小田急電鉄の登戸駅経由、新松田駅で下車。駅の連絡橋から綺麗に冠雪した富士山が見えますよ。晴天の日を選んだので本日は土曜日、なので大勢のハイカーが既にバス停に並んでいますが、其の数が半端じゃないね!ざっと見て100名以上、仕方ないので次便に廻りましたが其れでもカスカス最後尾で乗車、富士急湘南バスで50分揺られて玄倉(くろくら)バス停に自宅から約2時間で着きました。あ~失敗!平日にすれば良かったね。

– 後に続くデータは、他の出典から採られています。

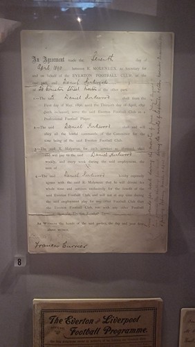 Continuing on from my post about the Museum of Liverpool having the largest collection of Everton memorabilia in the world, this is the contract of Everton player Daniel Kirkwood (1867-1928), dating to 1890. He was to play for the team between 1889 and 1893, later becoming a director of the football club before reaching the giddy heights of Everton’s chairman during the 1909/1910 season.

玄倉バス停が丹沢湖の略東端になり、北岸から左回りで丹沢湖の散策を開始します。バス停前から北に200m進むと玄倉川に架かる玄倉川橋が見えます。湖面に映える青空、良いね!





 名称:玄倉川橋
 構造種別:3径間鋼鈑桁
 橋の長さ:約140m
 有効幅員:約7m
 竣工:不明




玄倉川橋を渡り北岸の周遊道路に出ます。車は偶に通るだけで歩道も広くて歩き易いね。西方向に見える山は不老山(標高928m)と権現山(標高1019m)で、谷間の三国山背後に富士山が見えるんだけど雲が邪魔して見えません(残念)。湖面には目が赤いホシハジロが群れていますが警戒心が強く、人の姿を見ると遠ざかります。橋の欄干に蝶々、青い筋が見えるのでアオスジアゲハ?いや、ちょっと違うね。取り敢えずパチリしておいて検索すると、ルリタテハ(瑠璃立羽)でした。越冬して半年以上生きるそうで、翅がボロボロですね。此の付近は色々なモミジが植えられていて、モミジの散歩道と云う名前が付いています。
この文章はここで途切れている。